スターチスはベンチに座ったまま小さく手を振って見送るが、出ようとした所でまたもや呼び止められた。
「折角だし、一週間くらい学校行ってみない?」
「は? 学校?」
「そう。それもかつてコハクが通っていた学校。当時担任していた先生が理事になっているからさ。話付けるけど」
「……」
突然の提案に、シルヴィアと顔を見合わせる。そこにいつからか居たのか、キリヤの声が響いた。
「男の制服はないぞ。コハクのお下がりはあるがな」
「うわいつの間に」
「うわってなんだうわって。ったく、いつまで空気吸ってんのかと思いきや……」
キリヤがスターチスを見れば、スターチスはにこりとして「二人の制服は用意するから」と返す。その上で、スターチスは再度俺達に訊いてくる。
「それで、行く? 行かない?」
「……じゃあ、行こうかな。シルヴィアはどうする?」
「フェンリルさんが良ければ」
シルヴィアも笑んで頷けば、俺はスターチスに行くと伝えた。
スターチスは親指を立て、「了解」と告げた後、ベンチから立ち上がったかと思いきや、あっという間に姿を消した。

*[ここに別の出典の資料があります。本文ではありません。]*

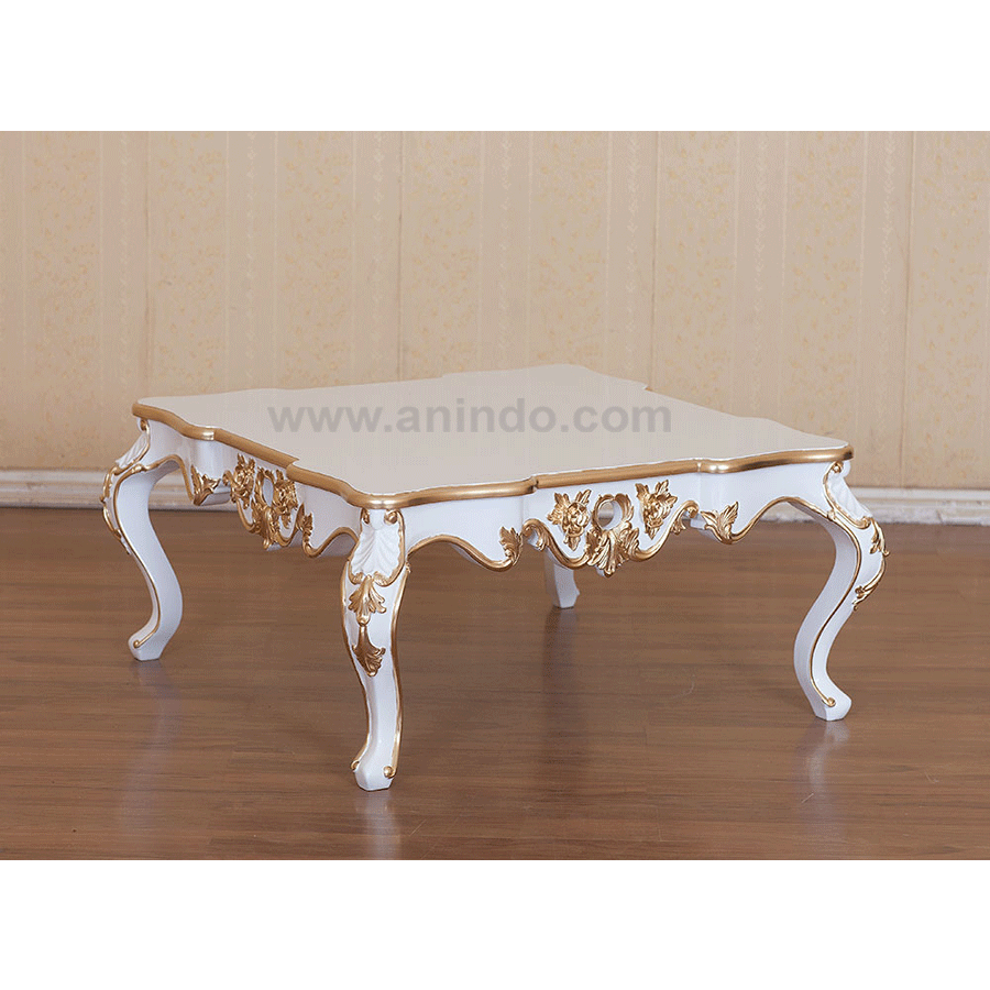 Our?buccarest coffee table is made of solid mahogany wood in white combine?with gold?painted finish.
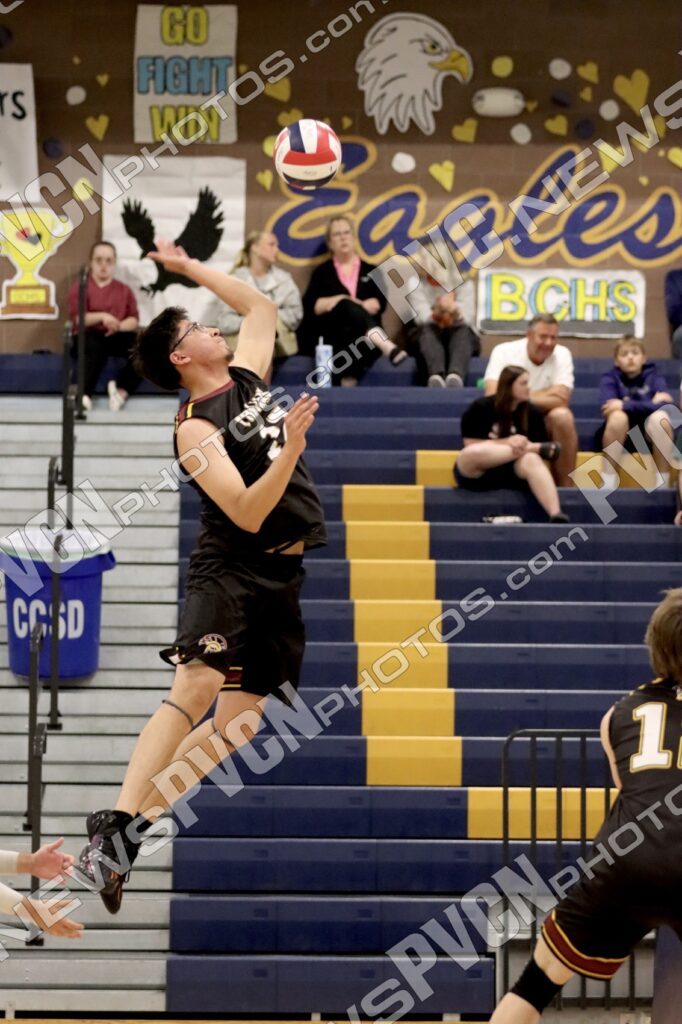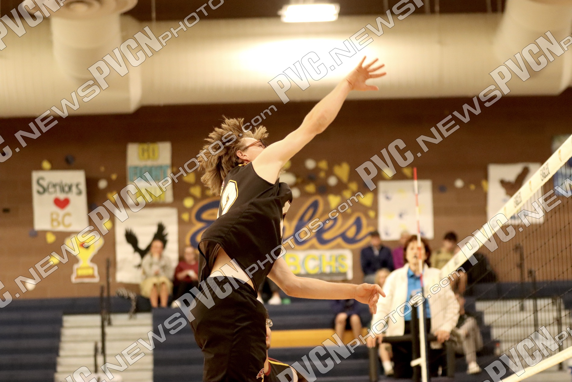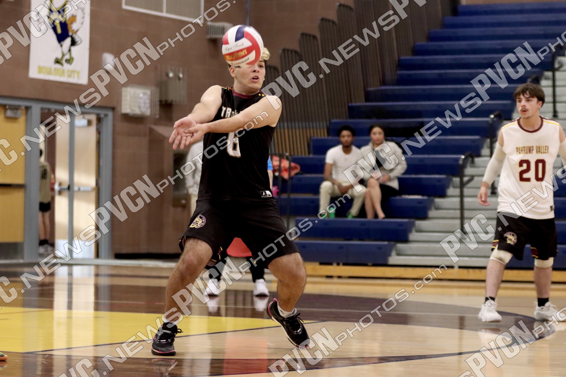 The Pahrump Valley High School boys’ volleyball team hit the road Wednesday, April 15, taking on the Boulder City Eagles in a competitive matchup that showcased hustle, effort and flashes of strong play throughout all three sets.
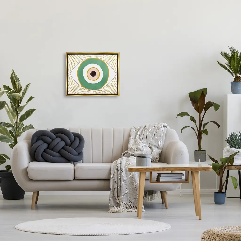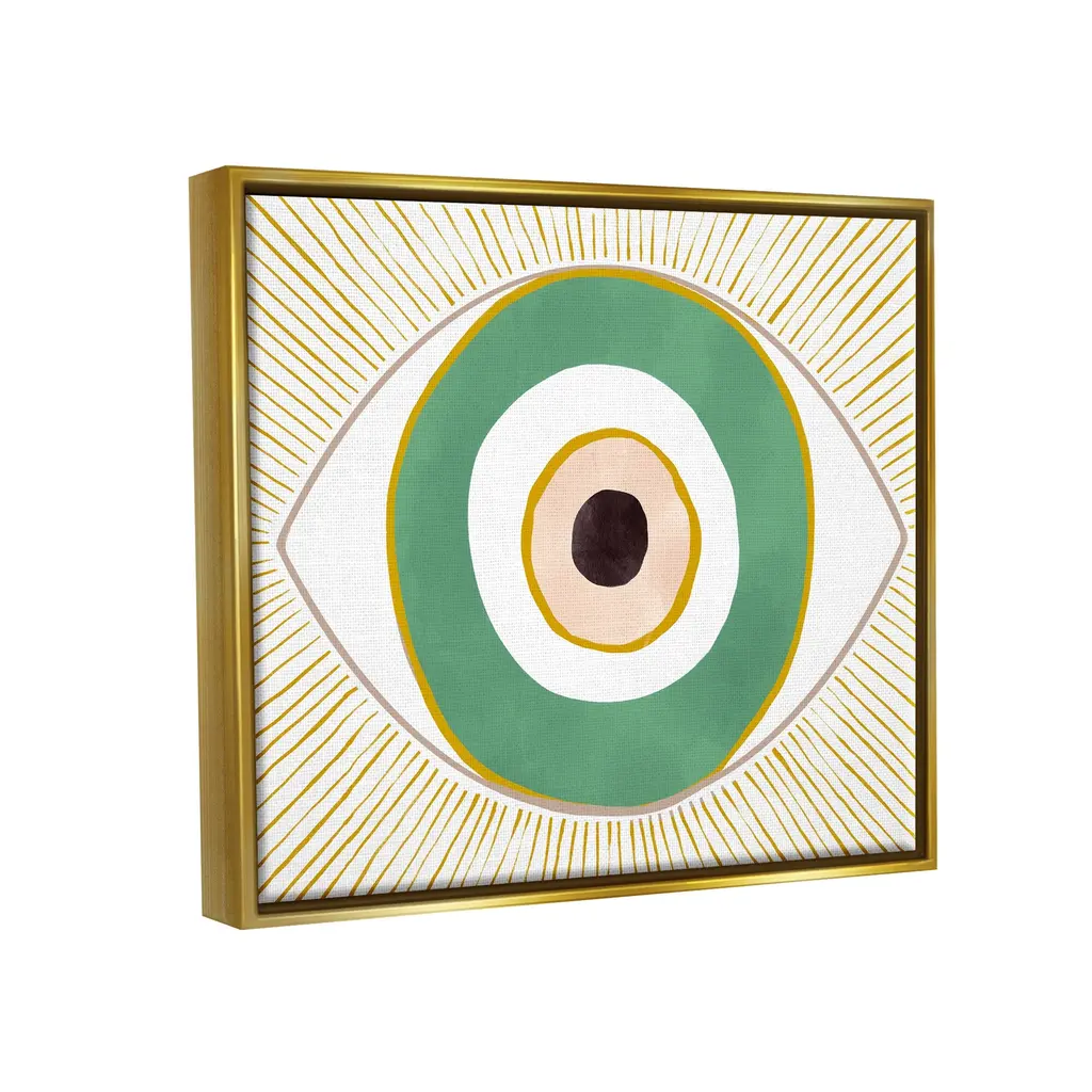 Stupell Green Modern Evil Eye Symbol Framed Floater Canvas Wall Art By Ziwei Li - 20 X 16 - Gold
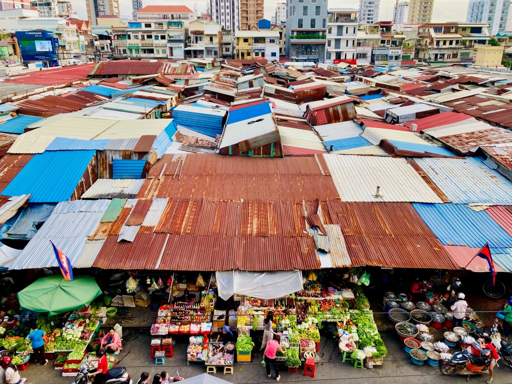 We decompressed in a casual rooftop bar, taking in the outlook over the busy central market. It had become clear that supermarkets here exist only for foreigners. Locals buy all their goods in a trip to the old-school market, grabbing the likes of spices, new shoes, home decor and tuk tuk tyres all in one place. I particularly enjoyed our view over the meat and fish section, as a no-nonsense vendor prepared fish so fresh, it needed a perfunctory “whack” to render it motionless, before she filleted so efficiently I’m sure she would fly through any Masterchef skills test.

残された俺達はしばしそのベンチを見つめた後、キリヤはボソリと俺を見て言った。
「一体何がどうなってそんな話になったんだ」
「知らない。けど、学校か……」
行った事がないだけに緊張はする。というか、制服を着た所で果たして学生に見えるだろうか。
腕を組み唸れば、シルヴィアがどことなく嬉しげな様子が目に入り、まあいっかとそれ以上考えるのをやめた。